Nessa quarta-feira, 10, ele usou novamente as mídias sociais para se defender e atacar a Folha de S. Paulo. Para Bolsonaro, as informações reveladas pelo veículo de comunicação têm como objetivo abalar a projeção nacional que ele ganhou. "Eu não sou corrupto, não sou citado em nenhum escândalo, está comprovado", disse.

O pré-candidato reconheceu que tem apartamento em Brasília, apesar de receber auxílio-moradia. Contudo, afirmou que usa menos recursos públicos do que se estivesse em apartamentos fornecidos aos parlamentares. “Estão implicando com R$ 3.500 ou R$ 3.600 que eu recebo como se eu fosse bandido”, afirmou.

Já sobre os imóveis supostamente comprados a valores incompatíveis, ele defendeu que foram adquiridos ainda na década de 1990, em cotações inferiores às atuais. Para Bolsonaro, a pretensão de disputar o Planalto segue inabalada. "Só em duas situações eu posso não estar neste ano no debate presidencial: se me tirarem na covardia por um processo qualquer ou se me matarem”, garantiu.

Na quinta-feira, 11, a Folha de S. Paulo encontrou o deputado federal em Angra dos Reis. Ele criticou o jornal pelas denúncias e novamente defendeu o recebimento do auxílio-moradia. "Como eu estava solteiro naquela época, esse dinheiro de auxílio moradia eu usava pra comer gente", disse o parlamentar.
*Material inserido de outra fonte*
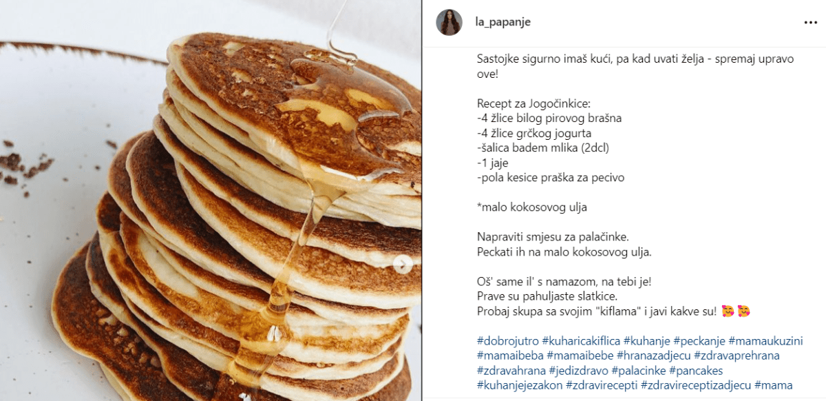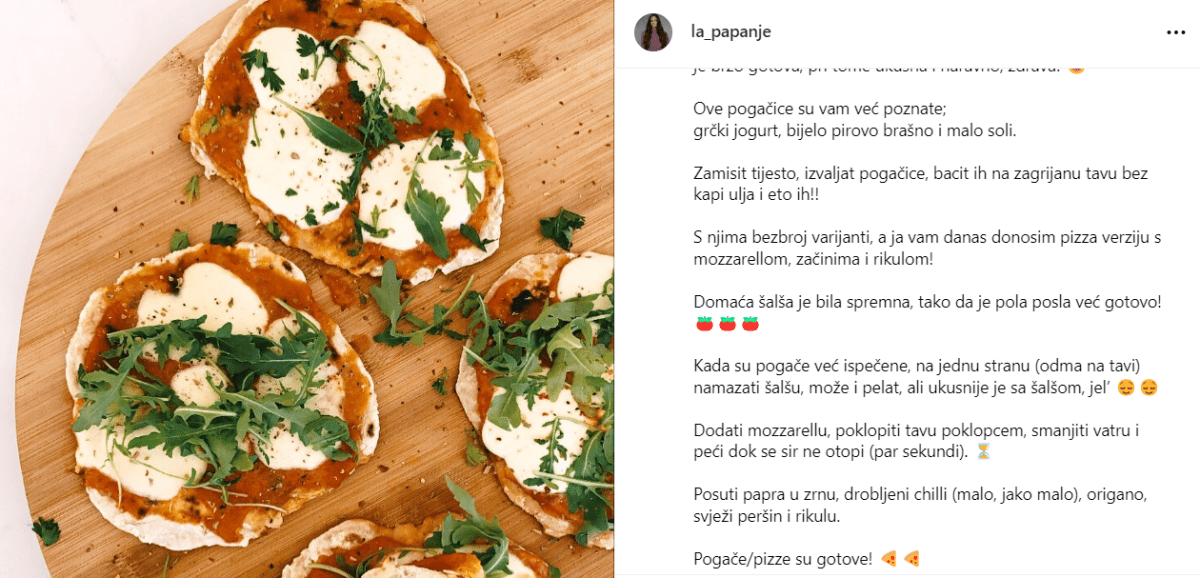 Kada ste već spomenuli pizzu i čokoladu, mi ćemo spomenuti i Big Mac, fritule, tortilje na bezbroj načina,…sve pripremljeno na zdravoj bazi, a recepte smo pronašli upravo na stranici 'lapapanje'. I svi vi koji koristite Instagram profil možete s lakoćom doći do ovih recepata, isprobati ih i možda razbiti predrasude (ako ste ih imali) prema zdravoj hrani. Osim što su sve namirnice jako zdrave i hranjive, neka od Ivaninih jela su i gotova za 'tili čas'. Naime za neka jela je potrebno samo 15 minuta. Izvrsno zar ne, imati gotov obrok za 15 minuta kada ti je dan ispunjen sa 100 i jednom obvezom i ne stigneš kuhati? Brz, ukusan i fin obrok!
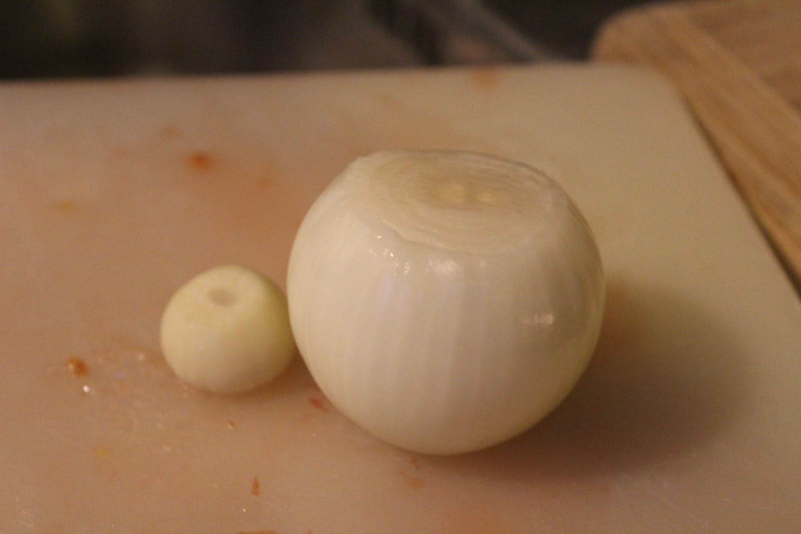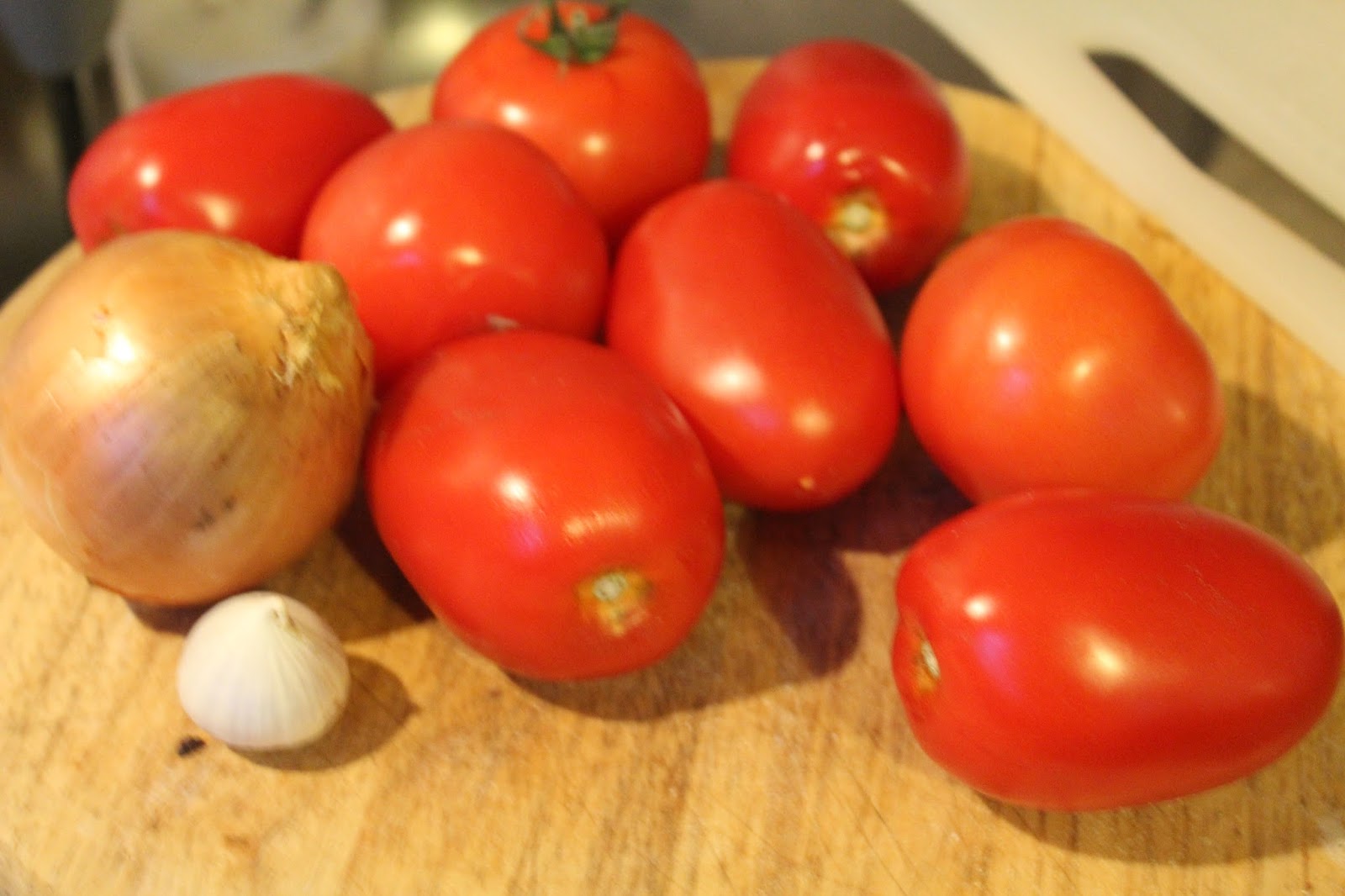 Tomaten, ein Teelöffel Salz, Zwiebeln, Knoblauch
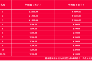亲子组(5公里):一大一小,关门时间1小时,500组家庭。

Bolsonaro disse ainda não ver irregularidade na compra dos imóveis a valores abaixo do avaliado pela Prefeitura. O pré-candidato também se defendeu de declarações feitas em 1999, quando disse que sonegava impostos e recomendou à população fazer o mesmo. "Eu nunca soneguei. Eu sonego... 'Eu mato tudo quanto é bandido que vier pela frente'. Matei algum bandido?", argumentou.